The toddler in the supermarket feels something deeply, but the feelings flow from the narcissism characteristic of an immature person. Sympathy might stand at a distance and notice the feelings of the toddler without validating the feelings. It’s the parent’s job to guide the toddler into a state of maturity wherein the toddler is not consumed or controlled by feelings. In other words, the parent needs to lead, not follow.
The reprimanded employee’s feelings of hurt and offense are self-referential, which is normal but not helpful. It’s normal to use oneself as the reference point for determining what is true, but it’s a whole new level of anxiety that demands others use me and my feelings as the reference point of what is true in a given situation.
Empathy soothes, while sympathy holds open the door for change. Sympathy invites the employee and his peers to adapt to reality (performance) while recognizing the challenge of doing so.

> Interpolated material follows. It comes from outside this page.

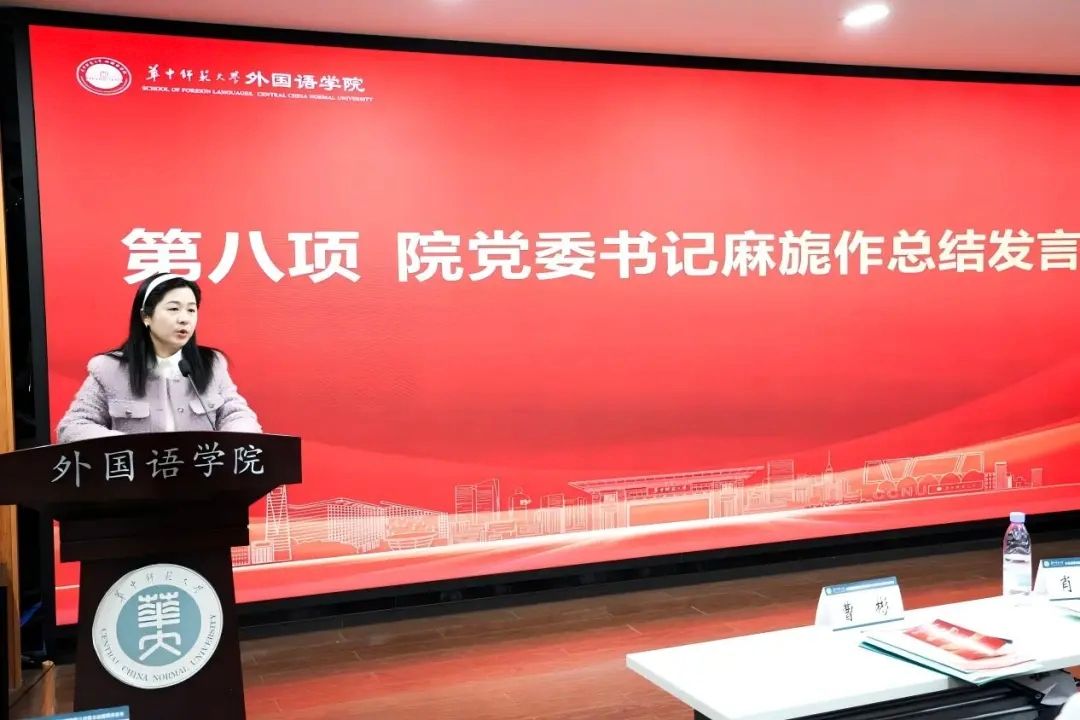 麻旎作闭幕总结发言。她指出,本次会议是在深入贯彻习近平新时代中国特色社会主义思想、党的二十届四中全会及学校第十三次党代会精神,推进“十五五”规划的关键节点召开的重要会议。回顾上次教代会以来的工作,学院紧扣立德树人根本任务,办学能力与社会声誉稳步提升。学院工会围绕中心工作履职尽责,在维权服务、自身建设上成效显著,凝聚起“外院人”共促发展的合力。她强调,2026年是校院“十五五”规划开局之年,学院将锚定目标、坚守方略,为“五个华大”建设赋能。结合习近平总书记关于群团工作的重要论述,她对学院工会提出三点要求:一是聚焦提质进位,紧扣“双一流”及“1510”计划;二是强化桥梁纽带作用,健全民主机制、精准服务;三是深化自我革新,以数字化赋能服务、打造特色品牌。麻旎号召代表们宣传贯彻会议精神,全体教职工凝心实干,共推学院高质量发展,为学校建成教师教育领先的世界一流大学贡献外院智慧与力量。

As coaches, we should be on guard against over-doing empathy. Just because a client feels something does not make the feelings valid, helpful, or appropriate. The feelings might be all of those things, but they might also be signals of immaturity keeping the client stuck. Who’s to say? Not the client, nor the coach.
As the coach, we serve as another reference point (not “the” reference point) for the client in determining what is really going on. But if we give up our position as being someone other than the client and opt for “truly connecting” or “joining them in their suffering,” we abandon the client to a self-referential hell that positions the client as the center of the universe.
And that would be too much of a good thing.